Repairs to Reliant Stadium roof winding down
February 3
Houston Chronicle
"Reliant Stadium’s retractable roof has lost its gap-tooth look and should as good as new in plenty of time for the Houston Livestock Show and Rodeo, which runs March 3-22.
The five giant panels that were torn asunder by the fury of Hurricane Ike — or debris flung through the air by the storm — in the wee hours of Sept. 13 have been replaced and the process of tightening, stretching and waterproofing the new pieces is well under way with completion expected by mid-February.
“Right now, we’re making sure all the detail work is done,” Mark Miller, the Reliant Park general manager, said Monday. “The repairs are substantially complete. We’re expecting it to be 100 percent for the Rodeo.
“But we probably won’t have our first real good test until they get all the final connections made and then get a good hard rain to see how much touch-up there is to do after that. We can’t water-test it ourselves.”

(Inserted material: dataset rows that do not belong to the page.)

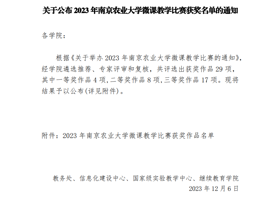 在南京农业大学微课教学比赛中,我院教师迟英俊的《牧草与草坪草种子的种及品种鉴定》荣获二等奖,庄黎丽的《印迹法观测干旱胁迫下植物叶片气孔运动》荣获三等奖。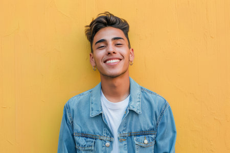 Happy cheerful young latino generation z. Smiling funny ethnic cool generation z teenage student, yellow background. Advertising of teenage cosmetics, hair care products, medicines, perfumes, cosmetology, courses, college schools and trainings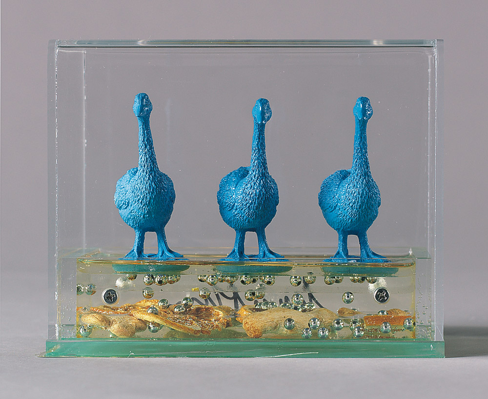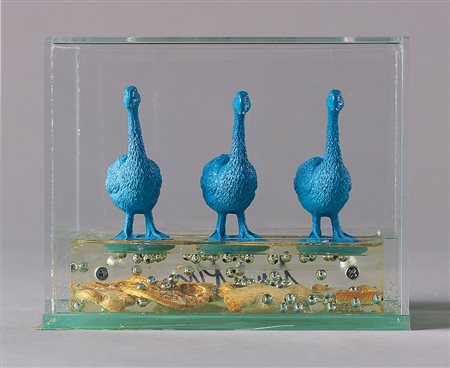 WILLIAM SWEETLOVE Ostenda (Belgio) 1949 - Three cloned blue gooses, 2006, resina epossidica e plastica cm.15x19x12, firma sotto la base, dichiarazione d'autenticità dell'artista su foto, pubblicato sul catalogo Cracking Art Revolution a cura di Piero Adorno, Claude Lorent e Francesco Santaniello, edizioni Skira (MI), pagina 135, entro teca in plexiglass.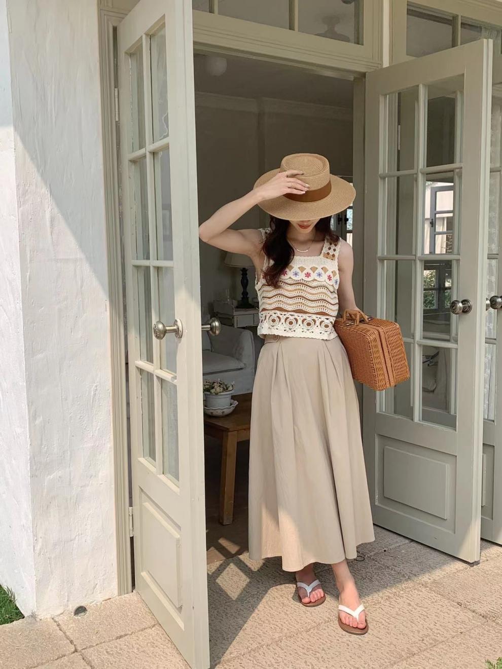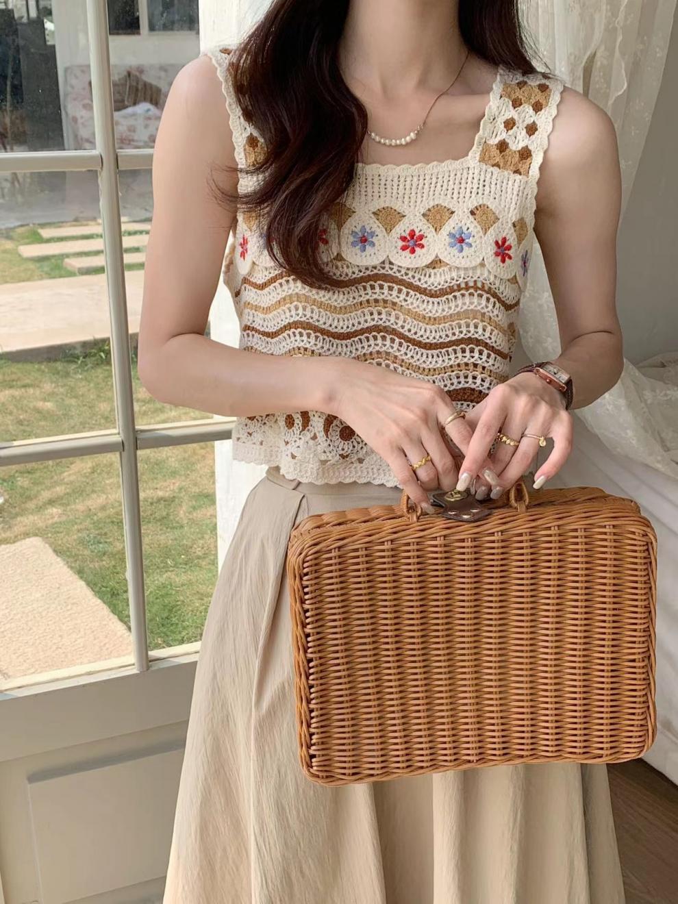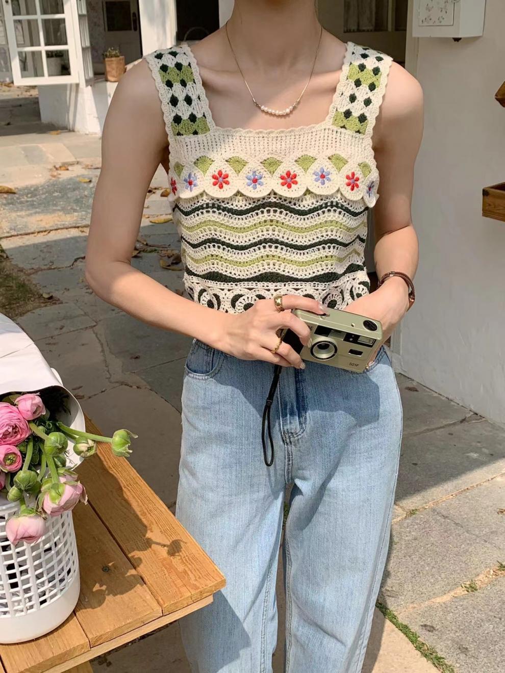 フレンチレトロな小さなキャミソール中空かぎ針編みエスニックスタイルニットベスト女性の夏の海辺の休暇アウタートップ

To be sure, nobody makes a garden hose big enough. Each of the giant panels is 325 feet across and consists of more than 12,000 square feet of a Teflon-coated fiberglass membrane. They had to be hoisted into place by helicopter. That took only a couple of days, but the “tensioning,” to prevent the panels from flapping when the wind blows, requires a methodical process that will end up taking about a month.

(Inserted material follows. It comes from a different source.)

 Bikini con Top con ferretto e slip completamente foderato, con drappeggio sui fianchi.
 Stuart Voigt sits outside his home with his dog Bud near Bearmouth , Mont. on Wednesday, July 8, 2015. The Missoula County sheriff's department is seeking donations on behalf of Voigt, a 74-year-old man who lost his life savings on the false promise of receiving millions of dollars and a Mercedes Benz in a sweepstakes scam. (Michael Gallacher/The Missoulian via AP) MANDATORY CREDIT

“I won’t say we couldn’t have gone forward (without the repairs),” Rodeo general manager Skip Wagner said, “but it would forced us to make major changes and that would have been really bad news. It’s my understanding the roof isn’t certified to be closed with the panels missing.”
Dry weather beneficial
Near-drought conditions, certainly for the season, plus moderate temperatures have been a godsend, all parties concede.

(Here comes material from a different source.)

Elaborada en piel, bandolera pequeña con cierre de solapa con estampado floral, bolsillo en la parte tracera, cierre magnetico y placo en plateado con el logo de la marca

“They’ll lighten up, too, in time,” Miller said. “From the outside, they really don’t look any different.”
The repairs, to be paid for by Harris County’s insurance policy on the stadium and FEMA funds, are going to cost approximately $4 million. Investigators for Birdair and the insurance adjusters are just now beginning to study the damaged panels to determine why they came down, but there’s some evidence to suggest they were struck with airborne projectiles pried loose from nearby structures."